AMD’s influence extends beyond quantum. Its new EPYC 4005 series processors are powering Super Micro Computer, Inc’s latest AI servers, supporting efficient data center solutions for cloud providers and businesses focused on AI inference and online gaming. The company’s chips are at the heart of Supermicro’s MicroBlade multi-node solution, providing powerful, affordable systems that modernize data centers. AMD’s recent collaborations—including a landmark deal with OpenAI to supply up to six gigawatts of computing capacity using next-generation Instinct MI450X GPUs—underscore its expanding role across next-generation technologies.

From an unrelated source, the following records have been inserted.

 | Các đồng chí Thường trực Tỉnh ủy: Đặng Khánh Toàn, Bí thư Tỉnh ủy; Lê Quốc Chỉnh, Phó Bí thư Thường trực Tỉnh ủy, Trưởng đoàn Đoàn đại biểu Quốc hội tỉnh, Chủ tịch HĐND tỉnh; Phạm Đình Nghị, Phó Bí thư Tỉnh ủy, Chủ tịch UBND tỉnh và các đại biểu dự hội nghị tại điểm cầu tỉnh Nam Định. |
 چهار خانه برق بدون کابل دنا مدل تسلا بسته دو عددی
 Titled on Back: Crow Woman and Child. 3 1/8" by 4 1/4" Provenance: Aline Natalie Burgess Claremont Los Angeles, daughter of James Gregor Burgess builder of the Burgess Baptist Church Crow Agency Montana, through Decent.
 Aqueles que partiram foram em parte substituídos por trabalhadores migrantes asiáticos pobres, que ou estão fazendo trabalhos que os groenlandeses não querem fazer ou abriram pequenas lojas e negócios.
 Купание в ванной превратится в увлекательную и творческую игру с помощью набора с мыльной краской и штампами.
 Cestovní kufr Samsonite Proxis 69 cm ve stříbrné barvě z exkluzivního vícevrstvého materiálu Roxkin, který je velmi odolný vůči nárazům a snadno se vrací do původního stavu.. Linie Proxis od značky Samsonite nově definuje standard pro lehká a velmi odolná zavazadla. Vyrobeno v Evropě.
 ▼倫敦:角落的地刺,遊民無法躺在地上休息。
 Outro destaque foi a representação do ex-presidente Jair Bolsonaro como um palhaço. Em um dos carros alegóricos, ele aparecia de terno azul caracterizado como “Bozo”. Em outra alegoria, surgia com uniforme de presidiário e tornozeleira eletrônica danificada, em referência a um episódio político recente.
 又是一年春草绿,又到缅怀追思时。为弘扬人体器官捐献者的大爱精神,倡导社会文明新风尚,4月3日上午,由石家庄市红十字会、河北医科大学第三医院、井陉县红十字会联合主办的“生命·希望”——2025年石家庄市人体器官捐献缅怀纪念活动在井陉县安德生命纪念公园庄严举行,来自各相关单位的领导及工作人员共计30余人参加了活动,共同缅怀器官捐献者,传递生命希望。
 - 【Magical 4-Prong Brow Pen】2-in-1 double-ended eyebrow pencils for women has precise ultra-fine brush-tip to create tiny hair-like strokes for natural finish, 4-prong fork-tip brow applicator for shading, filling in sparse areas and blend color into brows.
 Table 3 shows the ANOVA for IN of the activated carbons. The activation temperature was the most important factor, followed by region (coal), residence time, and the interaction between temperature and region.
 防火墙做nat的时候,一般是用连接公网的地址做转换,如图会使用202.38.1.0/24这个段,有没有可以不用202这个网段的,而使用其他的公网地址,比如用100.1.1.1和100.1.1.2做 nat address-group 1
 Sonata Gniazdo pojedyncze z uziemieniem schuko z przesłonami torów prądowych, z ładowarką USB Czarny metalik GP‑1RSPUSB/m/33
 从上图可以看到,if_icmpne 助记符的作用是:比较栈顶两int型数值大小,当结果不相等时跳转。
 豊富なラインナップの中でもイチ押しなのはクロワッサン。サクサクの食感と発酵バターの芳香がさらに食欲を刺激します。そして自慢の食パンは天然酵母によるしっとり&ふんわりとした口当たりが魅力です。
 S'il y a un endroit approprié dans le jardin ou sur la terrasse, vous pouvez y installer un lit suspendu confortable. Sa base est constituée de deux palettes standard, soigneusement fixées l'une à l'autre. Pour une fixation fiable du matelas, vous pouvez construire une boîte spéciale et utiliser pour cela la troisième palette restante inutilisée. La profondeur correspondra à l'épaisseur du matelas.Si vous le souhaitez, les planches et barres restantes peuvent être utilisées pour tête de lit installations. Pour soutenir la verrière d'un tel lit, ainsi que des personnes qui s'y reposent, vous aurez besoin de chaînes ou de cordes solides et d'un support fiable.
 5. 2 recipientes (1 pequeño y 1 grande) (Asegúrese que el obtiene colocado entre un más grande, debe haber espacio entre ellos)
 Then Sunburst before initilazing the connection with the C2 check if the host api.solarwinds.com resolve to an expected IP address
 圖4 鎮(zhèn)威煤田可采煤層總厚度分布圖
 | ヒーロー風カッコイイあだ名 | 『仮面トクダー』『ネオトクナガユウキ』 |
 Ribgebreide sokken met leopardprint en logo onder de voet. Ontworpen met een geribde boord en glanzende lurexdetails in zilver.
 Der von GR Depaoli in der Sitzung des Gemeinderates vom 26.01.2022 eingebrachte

For IBM, the successful demonstration of error correction on AMD hardware validates its hybrid quantum-classical computing vision. The company’s partners, including Japan’s RIKEN institute, are already linking IBM quantum modules to classical supercomputers such as Fugaku, further advancing the integration of quantum and classical resources. These developments suggest that the age of hybrid, practical quantum computing is not just a distant dream but an approaching reality.
Industry analysts are cautiously upbeat about what lies ahead. Investors will be watching closely as both companies prepare for upcoming earnings reports and provide guidance on how these technological advances will translate into commercial gains. For now, one thing is clear: the quantum race is heating up, and the winners may be those who can bridge the gap between cutting-edge theory and practical, scalable solutions using today’s hardware. With IBM and AMD’s partnership, that future seems closer than ever.
As the dust settles on this week’s announcements, the message is unmistakable: quantum computing is no longer confined to the laboratory. With practical error correction running on affordable, widely available chips, the next era of computing may be just around the corner.